Easy Ways to Change Up Lazy Keto Meals

Feb 16, 2023
Elina Balode
, nutritionist
What you’ll learn

    Does the thought of eating the same meals over and over again leave you feeling bored and uninspired? Don’t worry; you can make your lazy keto meals more exciting with a few simple swaps and tweaks. Variety is key with any diet, especially a low-carb one like keto, so don't be afraid to try something new.

    This article will provide you with some easy ways to make your lazy keto meals more enjoyable. By the end, you'll have all the tools you need to make delicious, nutritious changes to your meals while keeping you on track with your keto diet!

    What is a lazy keto diet?

    A ketogenic (keto) diet is a low-carb, high-fat dietary approach that focuses on eating fewer processed foods and simpler meals. A keto diet generally restricts carbohydrate intake, resulting in a metabolic state in which the body utilizes fat as its primary fuel source.

    Lazy keto is similar to the mainstream, strict keto diet in that it encourages weight loss, increased energy levels, and improved health overall. The difference is that lazy keto doesn’t require macronutrient (such as carbohydrates, fats, and proteins) tracking or calorie intake tracking. This makes it easier to adhere to than the more strict keto diet.
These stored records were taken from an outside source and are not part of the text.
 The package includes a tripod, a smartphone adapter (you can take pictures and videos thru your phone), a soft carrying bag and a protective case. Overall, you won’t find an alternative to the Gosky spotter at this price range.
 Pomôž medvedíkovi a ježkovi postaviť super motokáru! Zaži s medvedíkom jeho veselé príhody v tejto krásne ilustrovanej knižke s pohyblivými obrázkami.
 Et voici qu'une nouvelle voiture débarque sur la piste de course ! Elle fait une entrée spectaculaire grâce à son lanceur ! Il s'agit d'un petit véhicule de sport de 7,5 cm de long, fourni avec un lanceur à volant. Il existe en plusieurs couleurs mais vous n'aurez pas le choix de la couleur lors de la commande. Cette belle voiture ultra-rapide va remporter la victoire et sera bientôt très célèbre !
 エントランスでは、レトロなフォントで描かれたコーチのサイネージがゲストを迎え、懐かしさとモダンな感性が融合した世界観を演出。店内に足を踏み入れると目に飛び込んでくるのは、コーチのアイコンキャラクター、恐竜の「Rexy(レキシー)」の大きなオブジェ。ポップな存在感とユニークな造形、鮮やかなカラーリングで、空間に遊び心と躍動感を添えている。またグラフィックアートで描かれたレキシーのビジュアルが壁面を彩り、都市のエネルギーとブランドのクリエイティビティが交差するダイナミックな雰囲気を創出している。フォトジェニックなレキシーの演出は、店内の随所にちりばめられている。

    Defining a lazy ketogenic diet.

    Strict keto is what most people start out with. Keto dieters count macronutrients, a process that consists of tracking the number of grams of each nutrient they consume per day. For example, a strict keto diet may require a person to eat between 15 and 30 grams of carbohydrates daily. Additional tracking, such as monitoring calorie intake, is also used. This is the most traditional way to adhere to the keto diet, but it can be tedious.

    Lazy keto, on the other hand, doesn’t require macronutrient tracking, and the people who find it difficult to stick to a traditional keto diet often find that this approach is easier to maintain. The focus of lazy keto is on eating fewer processed foods and choosing simple meals that take the guesswork out of weekly meal prep and macro counting.
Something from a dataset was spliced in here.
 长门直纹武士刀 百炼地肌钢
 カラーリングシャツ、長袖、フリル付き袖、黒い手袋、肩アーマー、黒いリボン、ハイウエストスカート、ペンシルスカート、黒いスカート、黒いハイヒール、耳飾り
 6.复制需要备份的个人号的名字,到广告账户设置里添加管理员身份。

    Take a sneak peek at a CertifiedKetoDiet meal plan to learn more.

    Benefits of following a keto diet

    While the keto diet is widely known for its weight loss benefits, it also offers other health benefits. Let's take a look at some of the main benefits of following a keto diet.

    Weight loss

    One of the most popular reasons for going on a keto diet is its ability to promote weight loss. When you transition from high- to low-carb foods, your body will deplete its glycogen stores and switch over to burning fat for fuel.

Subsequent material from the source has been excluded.